# Can I use reptile wood in a fish tank?



## rebel2004nay (Dec 3, 2008)

At my local LFS, they have a big mixed pile of wood. There is this one piece that is particularly awesome. It is large, fairly light in color, and it is all twisty. However, it is intended for use in a reptile tank.

Could a piece of wood like this go in a fish tank? I am willing to soak it in water for a while if necessary. Would it decompose quickly or stay together for a while?

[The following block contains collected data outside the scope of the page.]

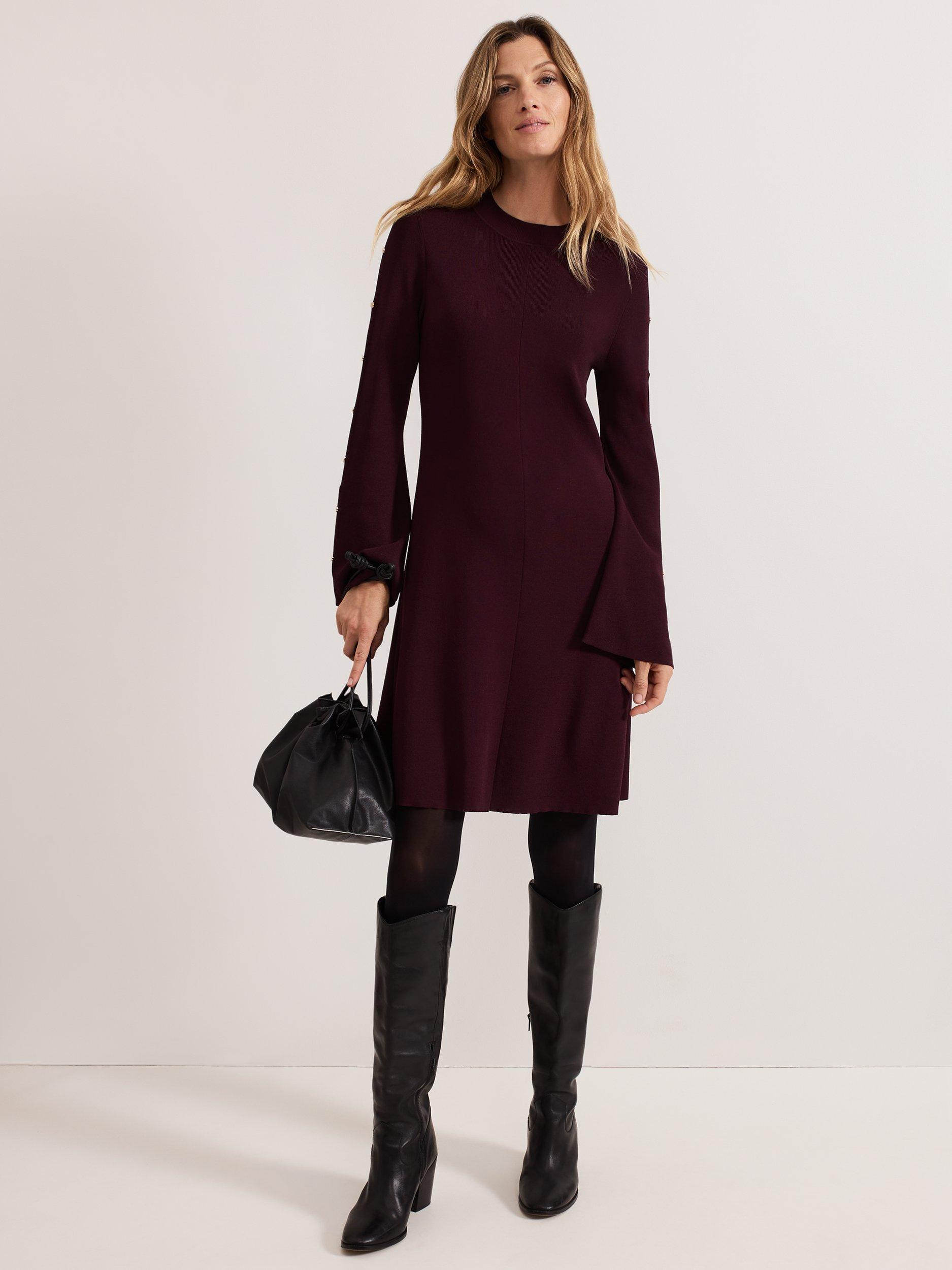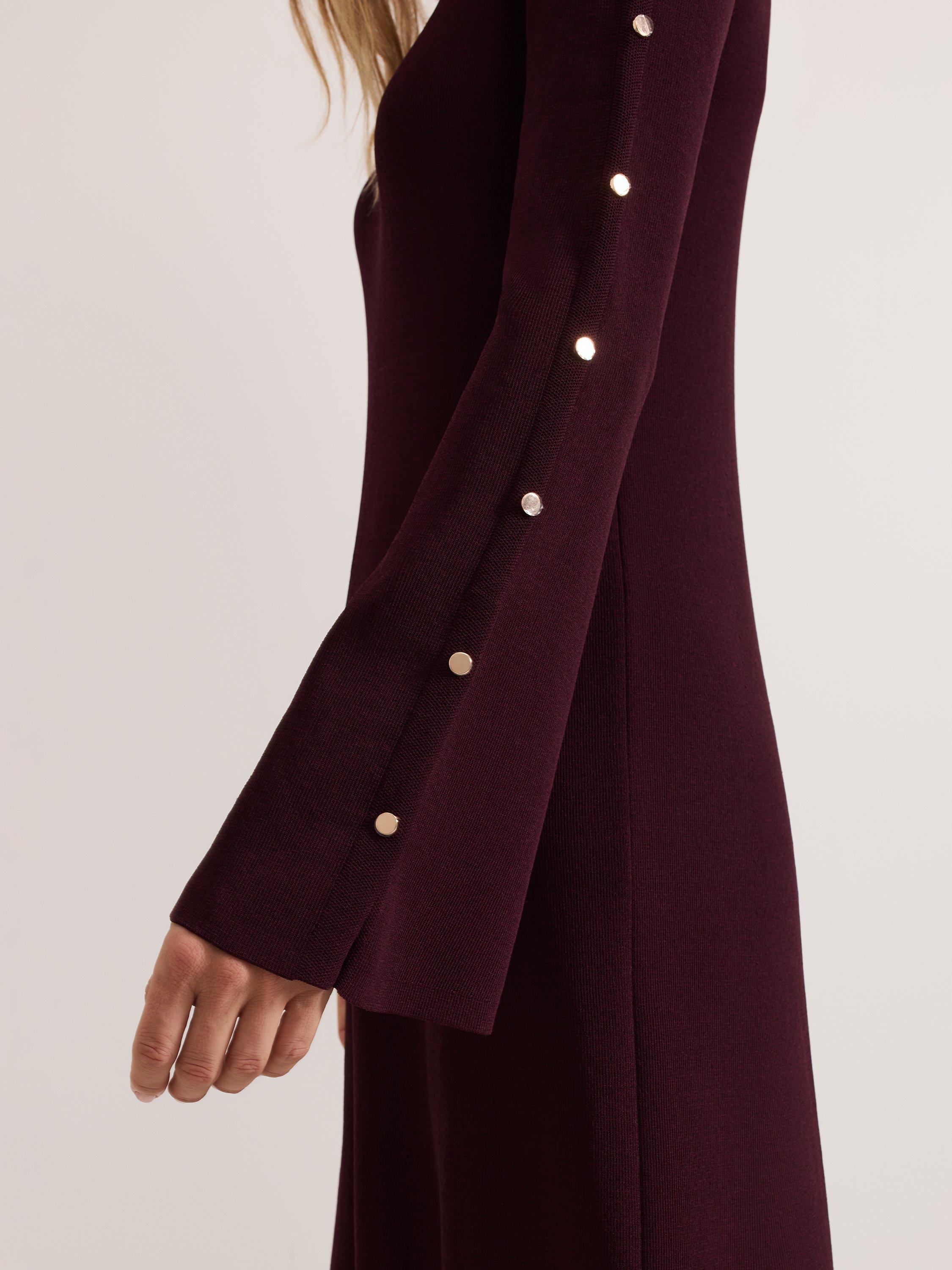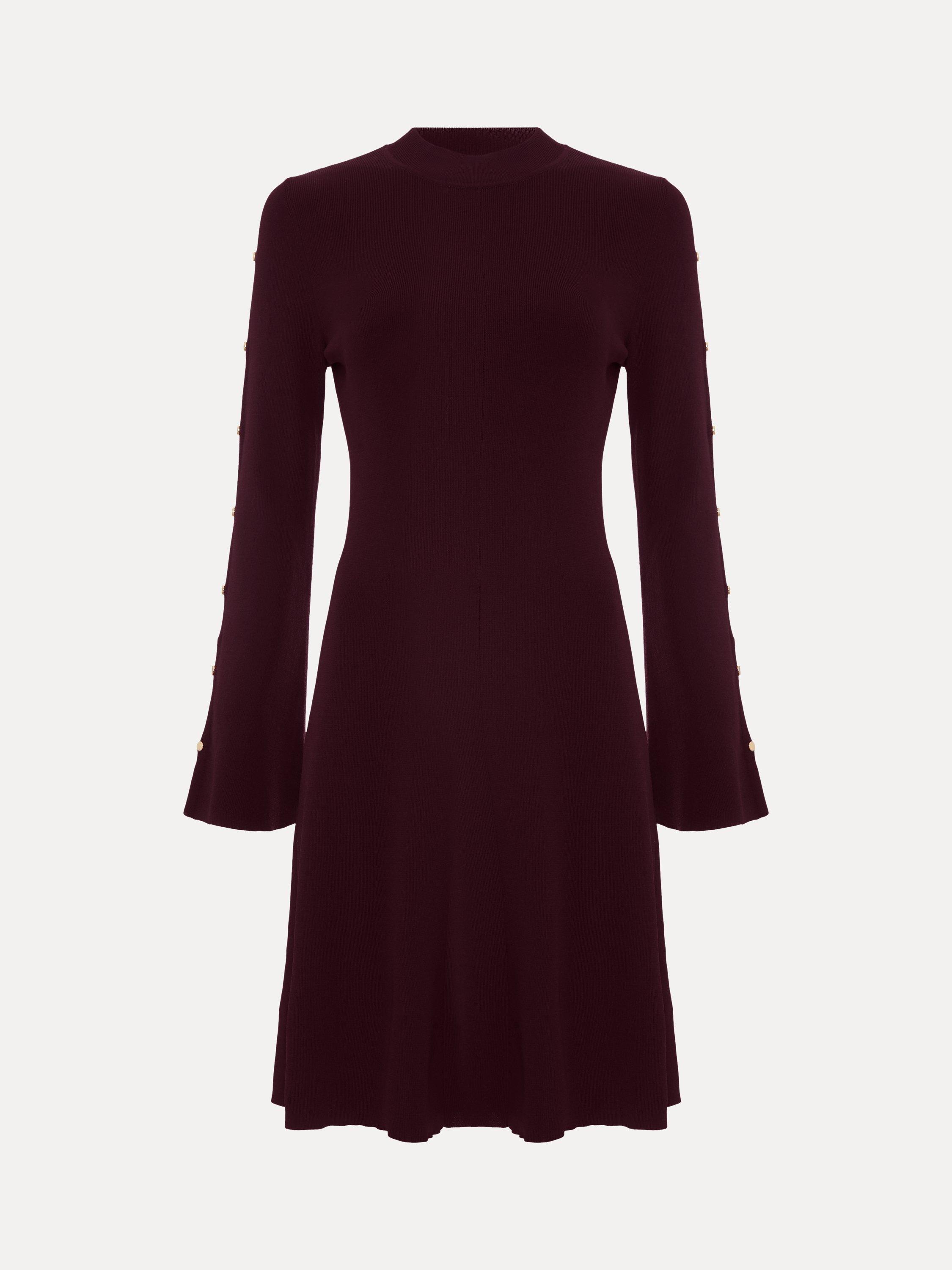 Designed in a deep hue, this knitted dress features long fluted sleeves embellished with stud detailing and is cut to a mini swing silhouette. Pair with your favourite black accessories for a style that's perfect for dressing up or down.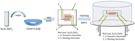 The powders of the above sensitive nanomaterials were put into test tubes, and a moderate amount of deionized water was added to prepare suspensions. A planar ceramic sheet measuring 3 × 3 × 0.25 mm had two sensitive electrodes on one side and heating electrodes on another side. A suspension of sensitive material was manually coated on the sensitive electrodes by drop coating. The sensitive-material coating was heated in an oven at 500 °C for 2 h. Finally, the four pins of the ceramic sheet were welded to the sensor TO packaging with soldering tin. The preparation process is shown in Figure 2.
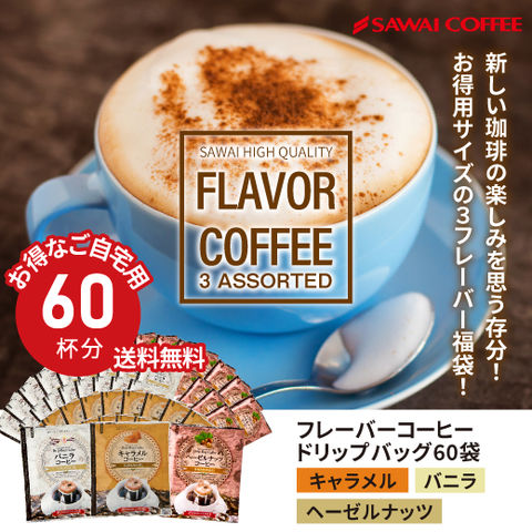 送料無料 フレーバードリップバッグコーヒー お試3種60杯分(コーヒー/珈琲/ドリップコーヒー/ドリップパック/個包装/キャラメル/バニラ/ヘーゼルナッツ/フレーバーコーヒー/送料込)

I wish I could tell you more about it. I don't know what kind of wood it is and I don't have a pic...in fact, I am about a 4 hour drive away from my LFS right now (visiting family for the holidays).


----------



## ictoae (May 17, 2008)

I've had a piece in my tank for over a year now that I stole from a snake cage at a LFS. It took about 4-5 months before my tank stopped looking like iced tea (tanins), but it still looks good, my bristlenose and acei are always picking at it but they don't really seem to be damaging it noticeably.


----------



## tawbrey863 (Nov 21, 2008)

Im actually soaking a piece of wood right now..lol. The thing I would worry about, is will it sink? Uusally wood made special for fish tank is a very dense wood. If you got it, you would of course half to soak it for a few weeks, but if it doesnt sink, you could hold it down with something... :thumb:


----------



## rebel2004nay (Dec 3, 2008)

Well I do have a piece of slate that I could silicon to the bottom of it, if I decide to buy it. That might work.


----------



## ed lemmon (Feb 14, 2003)

Better make sure that it has never been used in a reptile tank. It'll kill your fish if you don't bleach it. Some LPS's will display wood that is for sale in a display tank, sell the reptile on display and possibly use the tank for a different specemin and return the wood to the shelf. :roll:


----------



## CalvusCali (Jan 3, 2009)

It takes a long time to soak, i found it easier depending on size to boil it, then soak it, soak time is shorter and it wont make the water as acidic.


----------